The working principle of hot plugging is as follows: the power VIN and VOUT of the first redundancy module 1 are both isolated from the server mainboard through MOS tubes, and the rest signals are only processed and connected with the MCU, so that the design ensures that when the first redundancy module 1 is inserted, the connector is in a high-impedance state except the VIN power supply.
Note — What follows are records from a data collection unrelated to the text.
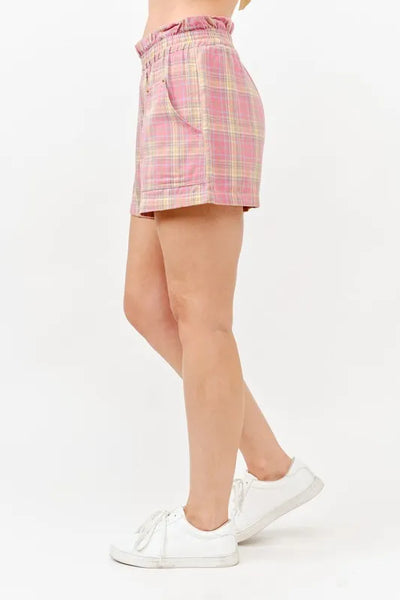 These shorts feature a classic plaid print and smocked detailing for a comfortable fit. Perfect for a casual and stylish look, these shorts can be dressed up or down depending on the occasion. Pair them with a simple tee or blouse for an effortless and chic outfit.
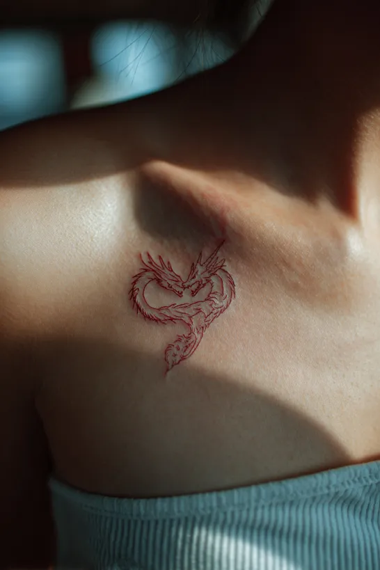 Tiny Ornamental Dragon Along the Collarbone
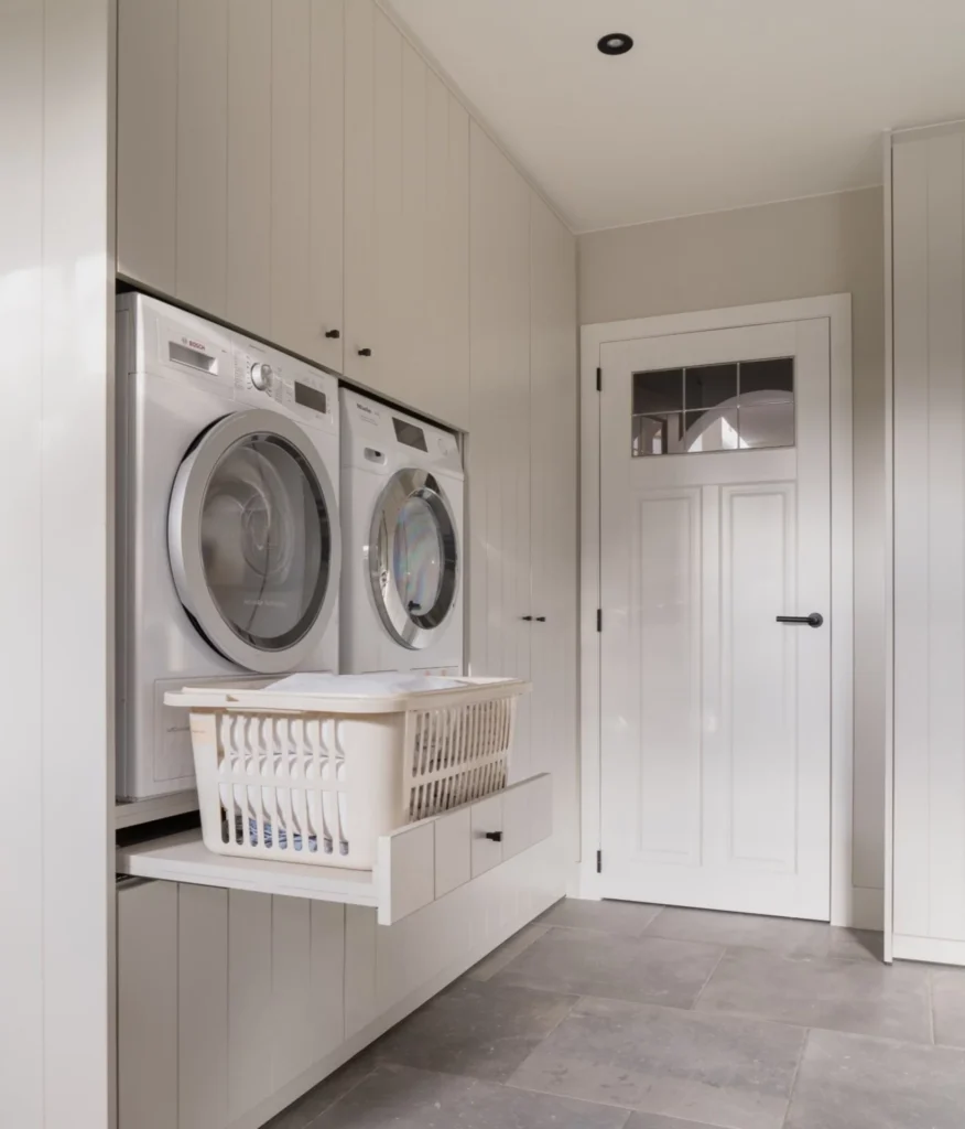 Het is een goed idee om een opbergruimte te voorzien voor je mand met vuile was. Wil je je gedroogde was achteraf gaan strijken? Dan heb je nu de ruimte om dit te doen. Geef alles een vaste plaats achter een gesloten deur. Dat maakt een gigantisch verschil voor je humeur!
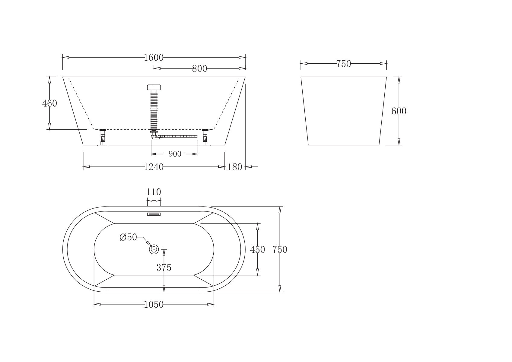 Ванна акриловая отдельностоящая без перелива BelBagno BB71-1600-W0
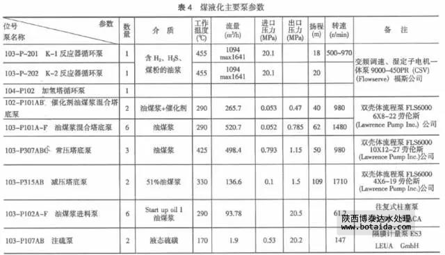 表4列出了煤液化主要泵參數(shù),這些泵當(dāng)時(shí)都是從國(guó)外進(jìn)口的,現(xiàn)在有些已能?chē)?guó)產(chǎn),但還是有不少位號(hào)的泵需要通過(guò)技術(shù)攻關(guān)才能實(shí)現(xiàn)國(guó)產(chǎn)化。

When the first redundancy module 1 is plugged into the server motherboard, the PIN B32(TS _ a) of the 2x32 slot connector of the server motherboard is pulled low, the MCU detects that the signal is pulled low, and then sends a CTL _ VIN _ a signal to the first redundancy template 1, and controls the MOS of VIN to turn on, then the VIN power is converted into a VCC power for supplying VR01 through an LDO chip, when the MCU detects that the VCC voltage is valid through PIN DTC _ VCC _ a, the MCU sends a high signal of EN _ a to the redundancy board, at this time, the redundancy board VR01 can work normally, at this time, the output voltage reaches Vboot voltage, and the PWRGD signal of VR01 becomes high, after the MCU receives the PWRGD _ a signal, the SVID signal is activated, the VR _ HOT # signal, the VCCSENSE, VSSSENSE signal fed back from the remote end is sent to the redundancy board, and after the output voltage of the redundancy board is adjusted to the required voltage of the CPU, the MCU sends a CTL _ VOUT _ a signal to control the MOS to turn on, and meanwhile, the ACT _ A signal is sent to control a health indicator light of the redundant board, the indicator light can turn into green, and the first redundant module is displayed to work normally. When the first redundant board 1 is removed, the MCU will detect that TS _ a is pulled high, and the MCU will set all the signals on the corresponding slot connectors of 2x32 of the server motherboard to a high-impedance state. The whole hot plug process is controlled by the MCU, thus ensuring the stable operation of the system.
The technical contents of the present invention are further illustrated by the examples only for the convenience of the reader, but the embodiments of the present invention are not limited thereto, and any technical extension or re-creation based on the present invention is protected by the present invention. The protection scope of the invention is subject to the claims.